On Behalf of | Oct 6, 2020 | Blog, Estate Planning & Administration |

It may be possible to sign more than one copy of your will without running afoul of Pennsylvania law. However, it may not necessarily be in your best interest to do so. Let’s take a look at a few of the issues that may arise if you sign multiple copies of your last will and testament.

The terms of your will could change

Let’s say that you decide to update your will after the birth of a child or after you get divorced. If you forget to destroy all copies of your previous will, there is a chance that an outdated document could be presented to a probate judge after your death.

Your will could contain sensitive information

A will is a highly personal document that may contain information that you don’t want others to see until after you have passed on. Therefore, providing a signed copy of your will to an adult child or a close personal friend might still feel like an invasion of your privacy.

While you may want to keep the exact language of your last will and testament a secret, it is generally a good idea to communicate your final wishes to family members during your lifetime.
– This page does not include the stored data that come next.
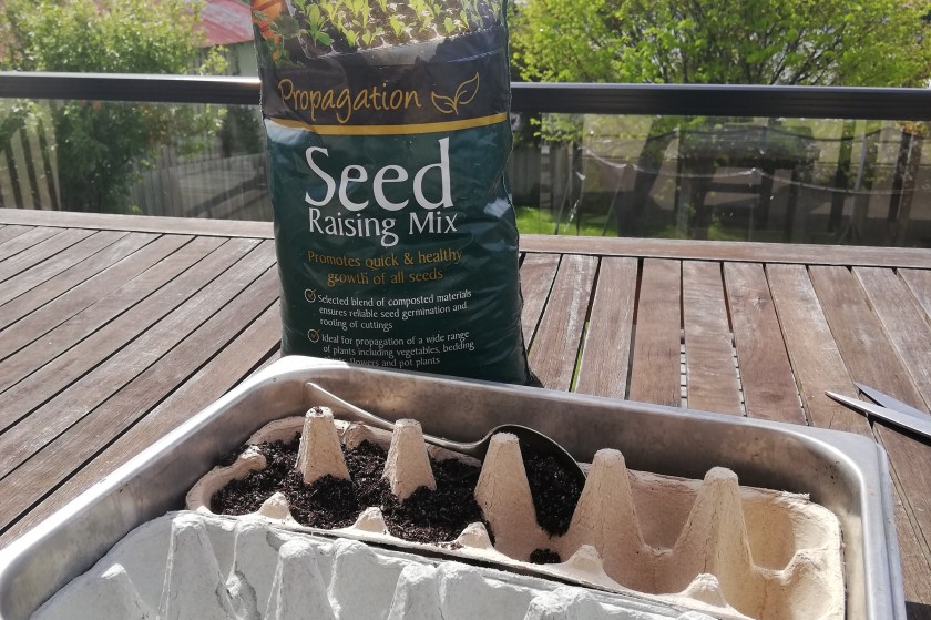 When the seedling grow bigger my plan is to cut each individual cup from the egg carton and plant it straight into the ground – thinking that the egg carton will breakdown.
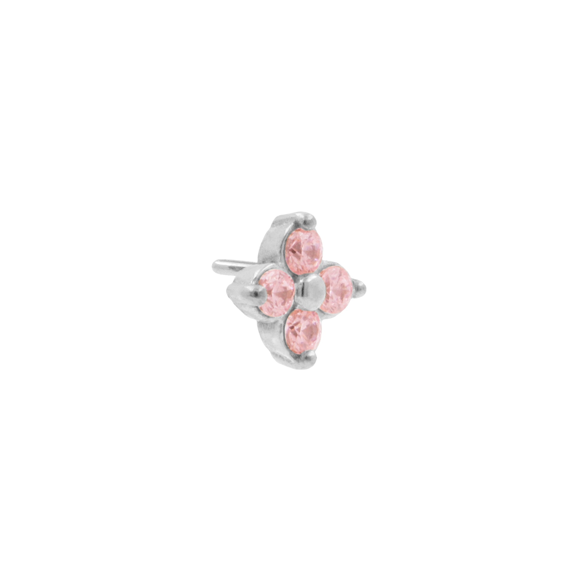 This delicate Quatrefoil with four pink cubic zirconia adds a refined, playful touch to your ear stack. The soft clover shape frames each stone beautifully. The silver tone has a white-gold style shine and pairs easily with other jewellery.
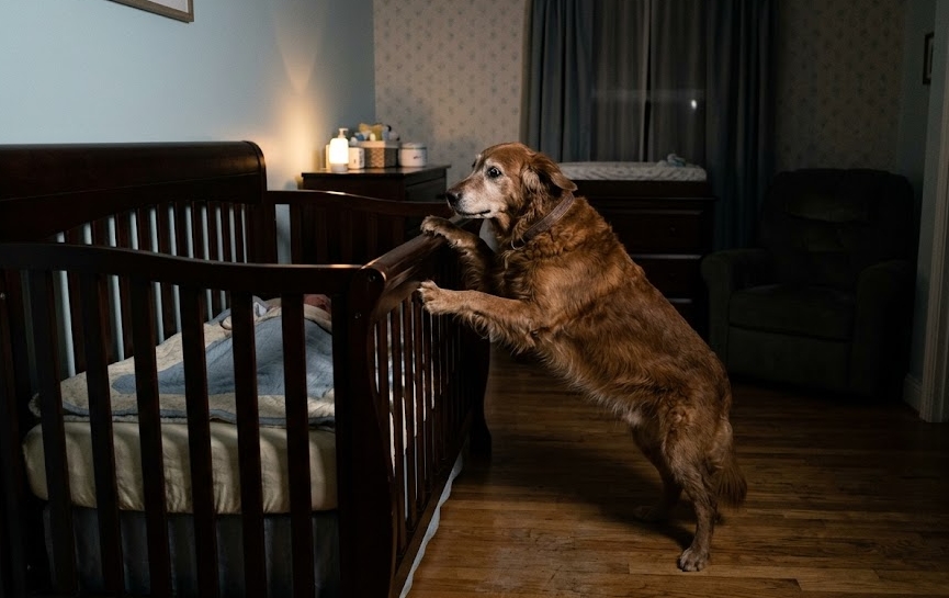 A gyerekszoba a lágy pasztellszínek és a súlyos árnyékok helyszíne volt, ahol az egyetlen hallható zajnak egy alvó csecsemő ritmikus légzésének kellett volna lennie. Ehelyett egy vékony, nádszálvékony sírás tört fel a mahagóni kiságyból, áthasítva az éjféli óra csendjét. Barnaby, a család idősödő golden retrievere reagált elsőként. Körmei ritmikusan kopogtak a keményfa padlón, ahogy szűk körben járkált az ágy körül, szűkölése pedig a baba nyugtalanságát visszhangozta. Érezte a folyosó végén lévő szülői hálószobából áradó csend súlyát, és tudta, hogy a szülők nem hallották meg. Kétségbeesésében hátsó lábaira ágaskodott, nagy mancsaival a kiságy faléceinek feszült, és megpróbálta megbökni a matracot – így próbálva kutyamódra álomba ringatni a gyermeket.
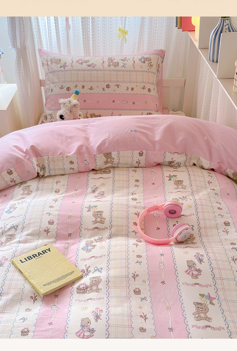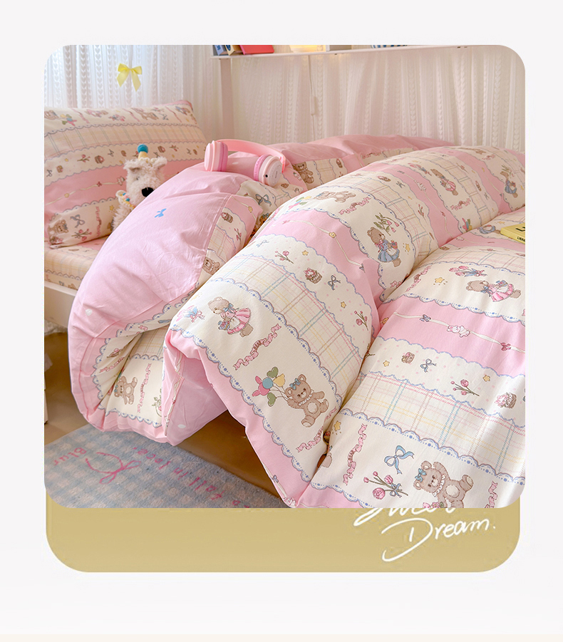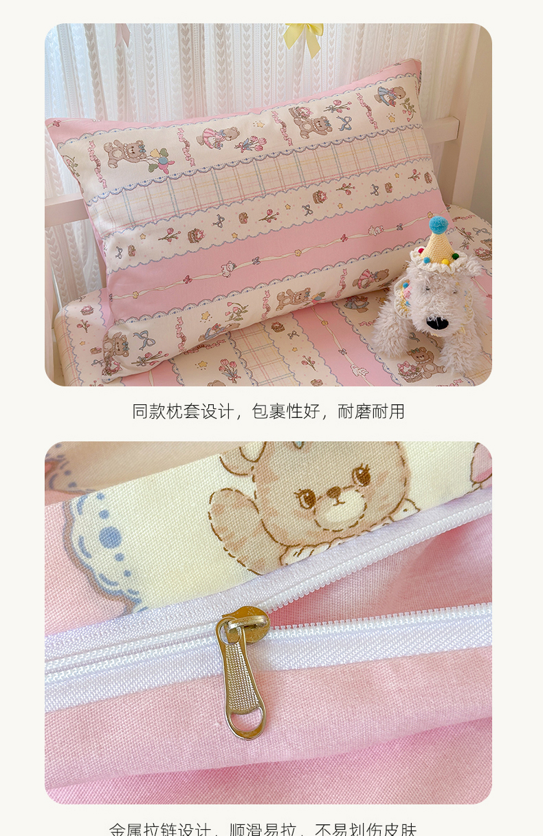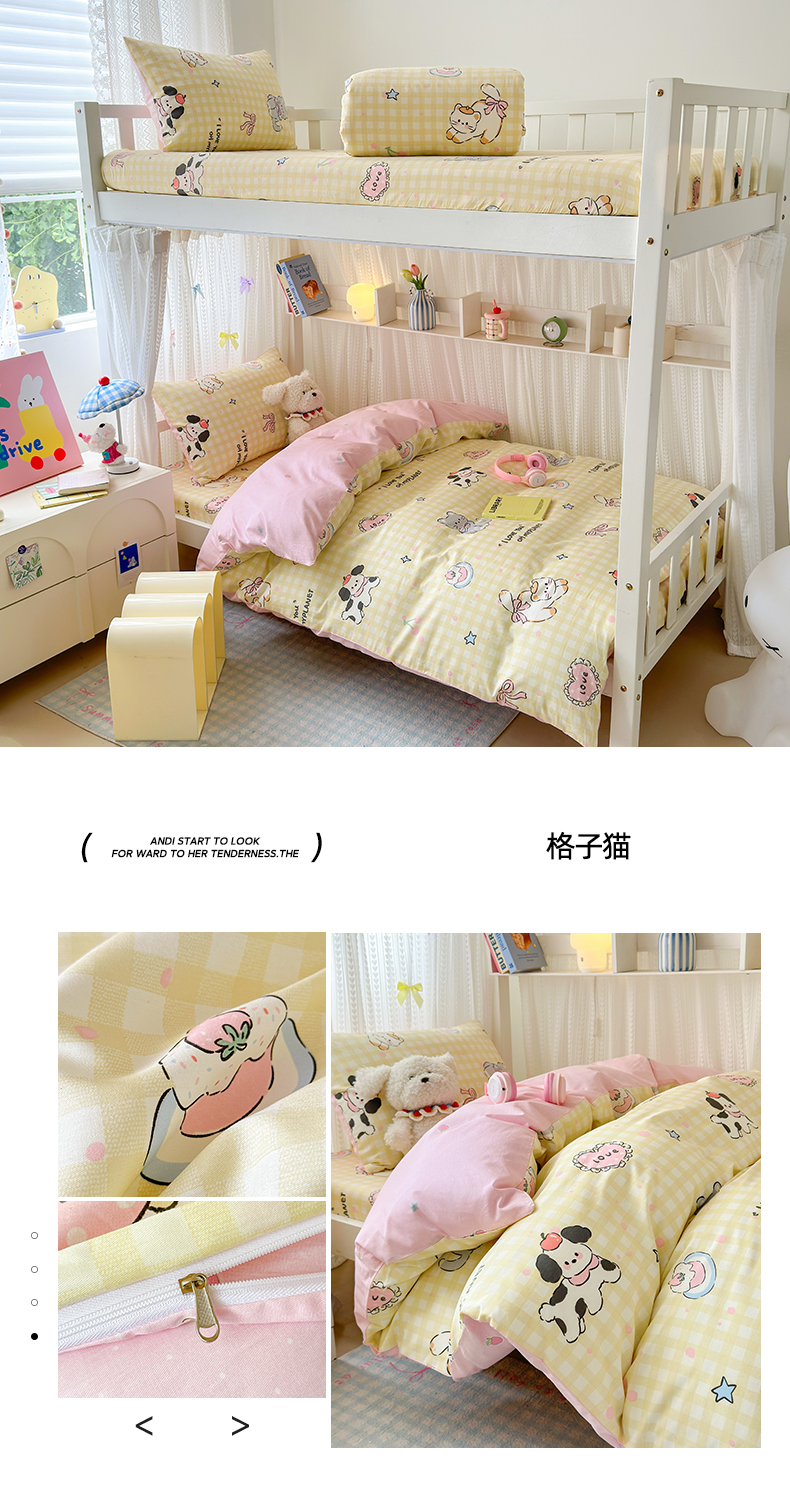 (总)曼之夏 2025新款全棉纯棉40支学生季卡通印花四件套,椰蓝小腊肠,茶茶狗,格子猫,嗨皮狗,开心屋,可爱多,可可汪,玛奇朵,奶昔小熊,泡芙小象,曲奇小狗,趣味熊,甜甜圈,甜心猫咪,童画,小狗日记,樱桃熊仔

This can make it easier for a surviving parent, spouse or child to make sure that these wishes are granted.

You can create digital copies of your will

These days, most courts allow estate representatives or other authorized parties to submit wills electronically after a person dies. Therefore, there may be no need to have more than one physical copy of your will. Instead, you can simply scan the document onto a secure computer or server where it can be accessed by whoever needs it after you pass.

An estate planning attorney may help you determine whether you want or need to keep multiple copies of your will. If changes are made to your last will and testament, your attorney may be able to ensure that they are made in accordance with state law.